The Frederick House River is a river in the James Bay and Moose River drainage basins in Cochrane District in northeastern Ontario, Canada. It flows 100 km from Night Hawk Lake in the city of Timmins to its mouth at the Abitibi River in Cochrane, Unorganized, North Part. Both the river and the associated Hudson's Bay Company Frederick House post (1785–1821) are named for Prince Frederick, Duke of York and Albany, son of George III of the United Kingdom,

==Course==
The Frederick House River begins at Night Hawk Lake in Timmins at an elevation of 274 m.

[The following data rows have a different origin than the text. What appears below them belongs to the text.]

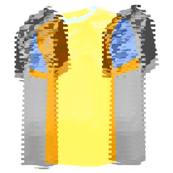 The Umbro Kids Vier Jersey comes in yellow with royal blue contrast detailing. Made from 100% polyester, it has a lightweight feel and a graphic print with a logo and sublimated finish. The neckline combines a crew neck shape with a contrast collar and self-fabric construction.
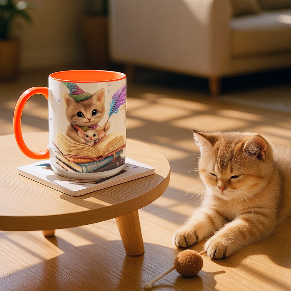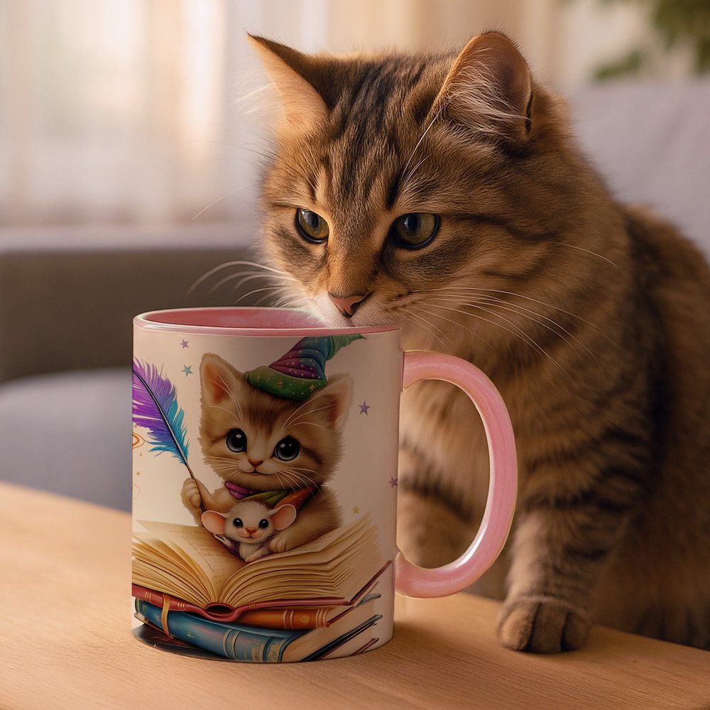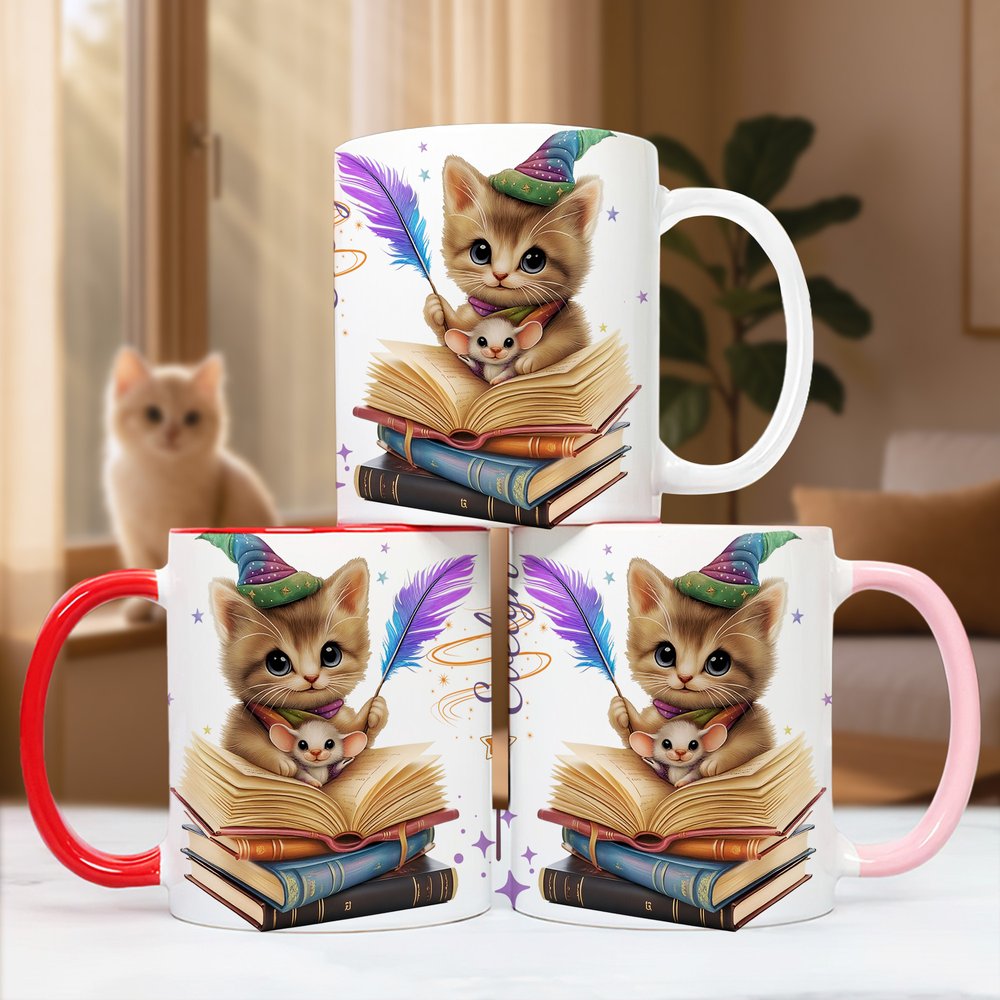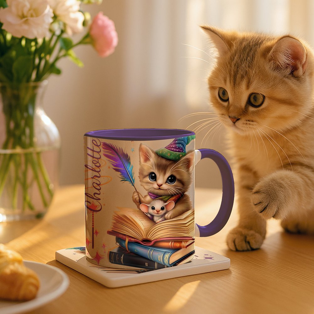 This mug features an adorable cartoon cat wearing a wizard hat, bringing a playful and vivid design to life. The cute cat is depicted cuddling a tiny mouse while holding a quill, perched atop an open book. This charming design full of whimsy will transport you to a magical fantasy world. The mug is available in multiple colors and can be personalized with your name, ensuring your mug becomes a one-of-a-kind keepsake.
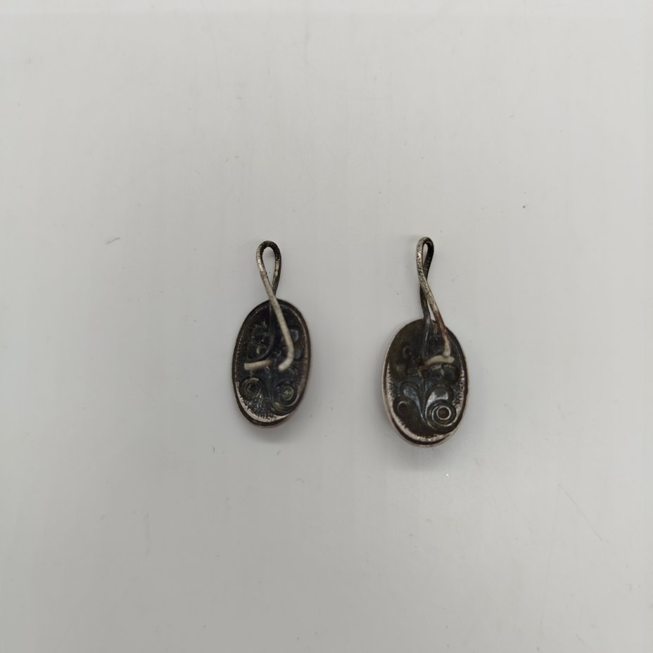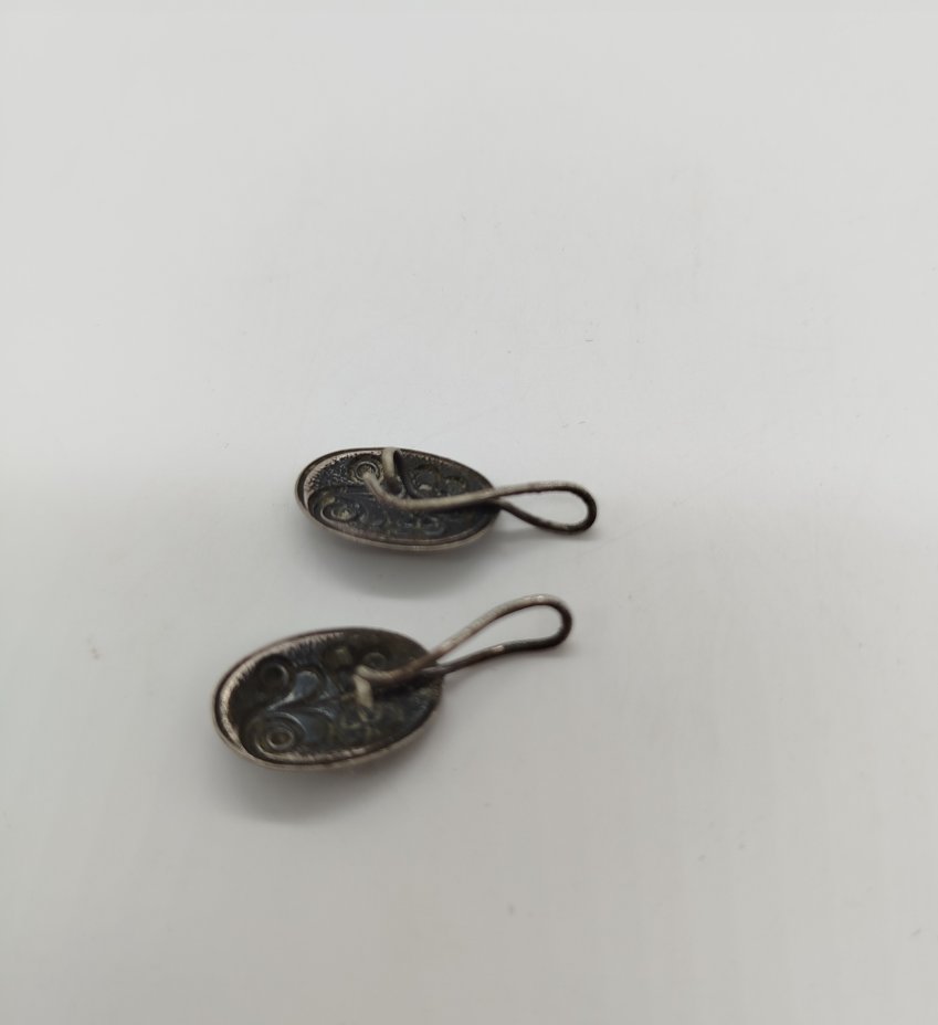 Серьги овальной формы с цветочным декором, мельхиор (медь-никель), чернение, СССР, 1970-1990 гг.

It flows north into Frederick House Lake at the community of Connaught, near the site of the Hudson's Bay Company Frederick House post, continues north out of the lake into Cochrane, Unorganized, North Part, flows over a small dam and the Wanatango Falls, and takes in the right tributary Wicklow River. It continues north passing along the western border of the town of Cochrane. It flows over the Neelands Rapids, under the Ontario Highway 11 and Ontario Northland Railway (formerly a section of the National Transcontinental Railway) bridges, and over the Sankey Rapids at the community of Frederick. The river takes in the left tributary Buskegau River at the Carter Rapids, continues north, and reaches its mouth as a left tributary of the Abitibi River at an elevation of 216 m.

==Tributaries==
- Jack Creek (right)
- Deception Creek (left)
- Clute Creek (right)
- Foster Creek (right)
- Buskegau River (left)
- Wicklow River (right)
- Pickerel Creek (right)
- Flint Creek (right)
- Slim Creek (right)
- Night Hawk Lake
  - Forks River
  - Night Hawk River
  - Porcupine River (Ontario)
  - Redstone River (Northeastern Ontario)
  - Whitefish River (Night Hawk Lake)

==Frederick House==
Frederick House Lake is about 20 miles northeast of Timmins, Ontario, about 5 miles north of Ontario Highway 101 and 5 miles southwest of the Ontario Highway 11 and about 16 miles northwest of the point where the two highways meet. Since the Frederick House River is a north-flowing tributary of the Abitibi, it is somewhat west of the main canoe route from James Bay up the Abitibi River, portage to Lake Timiskaming and down the Ottawa River to Montreal. In June 1784 Philip Turnor was sent from Moose Factory up the Abitibi to establish a post somewhere upriver. His boats proved defective and he was forced to winter at the junction of the Frederick House and Abitibi rivers. Next spring he went up the Frederick House and established a post on the lake where he remained as master until 1787. It was temporarily closed from 1795 to 1798. The post proved difficult to supply because both the Frederick House and Abitibi Rivers are difficult for canoes. Montreal-based traders sent men to divert Indians away from the fort. In January 1812 there was a proposal for the HBC to give up its post on Lake Abitibi in exchange for the Northwest Company's withdrawal from Frederick House. This was not acted upon because of the following. In December 1812 a man called Capascoos murdered everyone at the post (3 Europeans and 9 Indians). He apparently spent the winter there and murdered any arrival that might tell the tale. When two men arrived from another post they found Frederick House deserted and looted. When the snow melted 12 bodies were found. A reward was offered for Capascoos, but he was never caught. The post was never re-built. In 1911 a steam shovel building the Ontario Northland Railway unearthed the remains of the fort and several skeletons were found in shallow graves. The site is said to have been on Barber's Bay, but the southern part of the Lake was drained when the Frederick House River was diverted. There is a marker on highway 101.